-------- DATA BLOCK

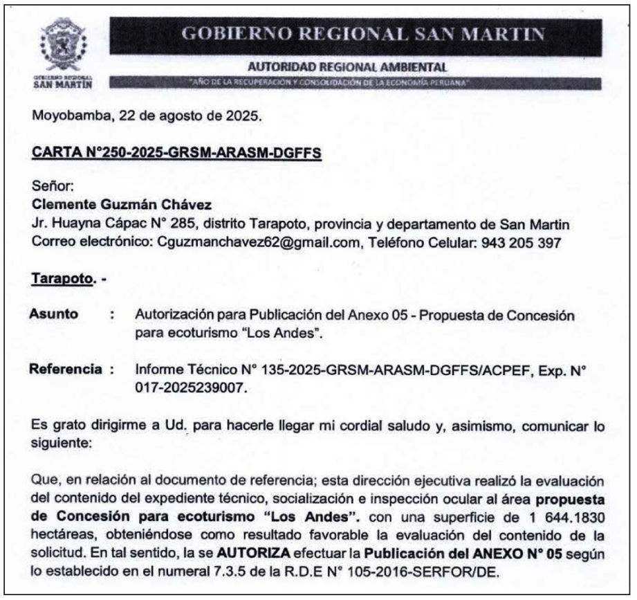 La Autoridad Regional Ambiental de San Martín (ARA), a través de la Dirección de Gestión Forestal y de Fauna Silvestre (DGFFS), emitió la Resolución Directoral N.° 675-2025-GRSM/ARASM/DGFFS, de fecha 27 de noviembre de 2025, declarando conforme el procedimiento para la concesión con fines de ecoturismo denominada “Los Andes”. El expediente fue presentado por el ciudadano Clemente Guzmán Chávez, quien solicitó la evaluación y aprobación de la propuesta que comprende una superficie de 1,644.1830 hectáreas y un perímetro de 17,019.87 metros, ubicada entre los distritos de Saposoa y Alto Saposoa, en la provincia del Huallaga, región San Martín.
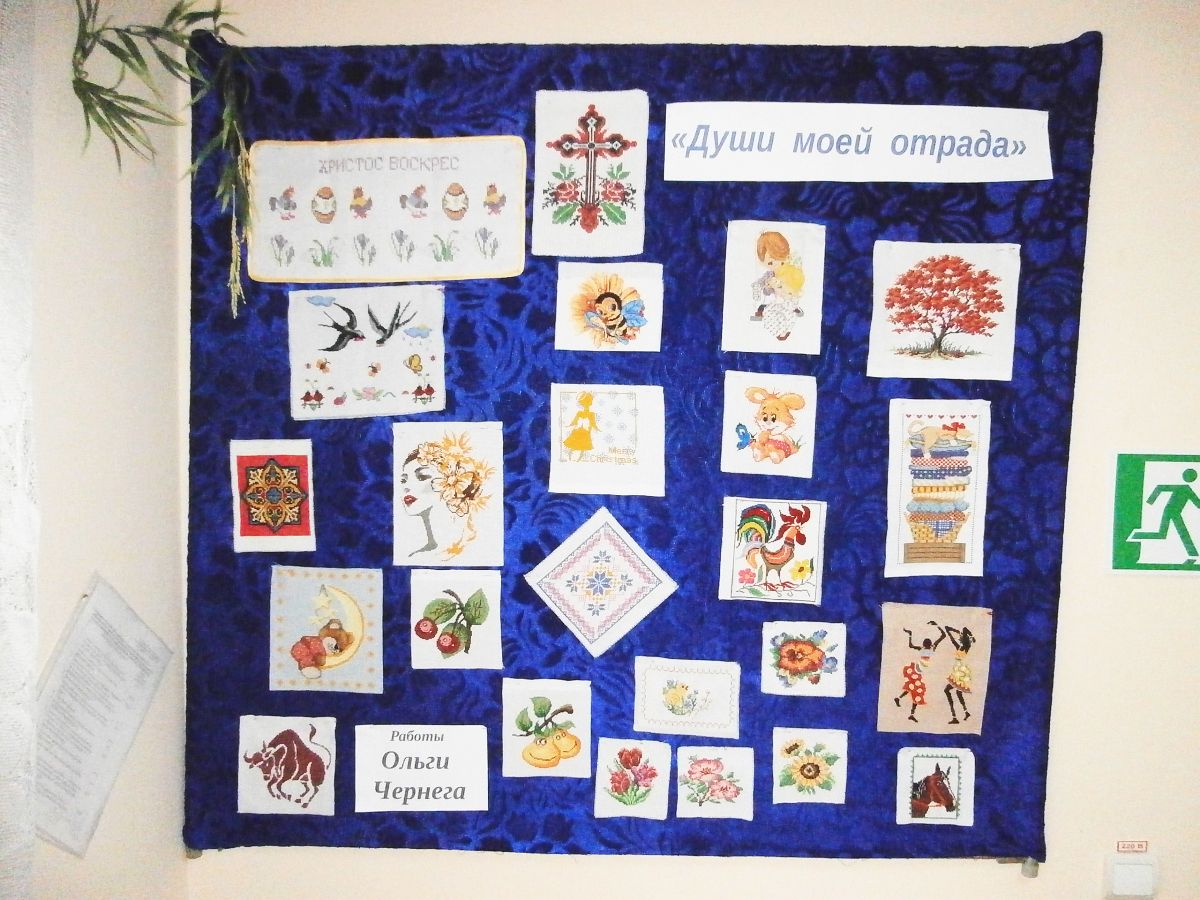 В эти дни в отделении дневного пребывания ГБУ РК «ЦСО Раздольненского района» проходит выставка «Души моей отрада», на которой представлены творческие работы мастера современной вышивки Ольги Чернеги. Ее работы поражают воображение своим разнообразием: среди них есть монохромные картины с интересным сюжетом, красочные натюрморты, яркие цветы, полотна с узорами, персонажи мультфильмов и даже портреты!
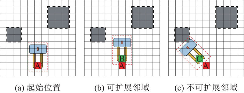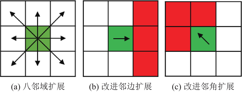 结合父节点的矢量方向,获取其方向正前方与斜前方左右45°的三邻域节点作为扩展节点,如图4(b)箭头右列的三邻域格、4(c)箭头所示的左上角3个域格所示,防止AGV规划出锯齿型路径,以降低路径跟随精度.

----------------

WORK ITEM: What this calls for is the material above set down exactly, pictures excluded.

SOLUTION FOR THIS TASK:
 La Autoridad Regional Ambiental de San Martín (ARA), a través de la Dirección de Gestión Forestal y de Fauna Silvestre (DGFFS), emitió la Resolución Directoral N.° 675-2025-GRSM/ARASM/DGFFS, de fecha 27 de noviembre de 2025, declarando conforme el procedimiento para la concesión con fines de ecoturismo denominada “Los Andes”. El expediente fue presentado por el ciudadano Clemente Guzmán Chávez, quien solicitó la evaluación y aprobación de la propuesta que comprende una superficie de 1,644.1830 hectáreas y un perímetro de 17,019.87 metros, ubicada entre los distritos de Saposoa y Alto Saposoa, en la provincia del Huallaga, región San Martín.
 В эти дни в отделении дневного пребывания ГБУ РК «ЦСО Раздольненского района» проходит выставка «Души моей отрада», на которой представлены творческие работы мастера современной вышивки Ольги Чернеги. Ее работы поражают воображение своим разнообразием: среди них есть монохромные картины с интересным сюжетом, красочные натюрморты, яркие цветы, полотна с узорами, персонажи мультфильмов и даже портреты!
 结合父节点的矢量方向,获取其方向正前方与斜前方左右45°的三邻域节点作为扩展节点,如图4(b)箭头右列的三邻域格、4(c)箭头所示的左上角3个域格所示,防止AGV规划出锯齿型路径,以降低路径跟随精度.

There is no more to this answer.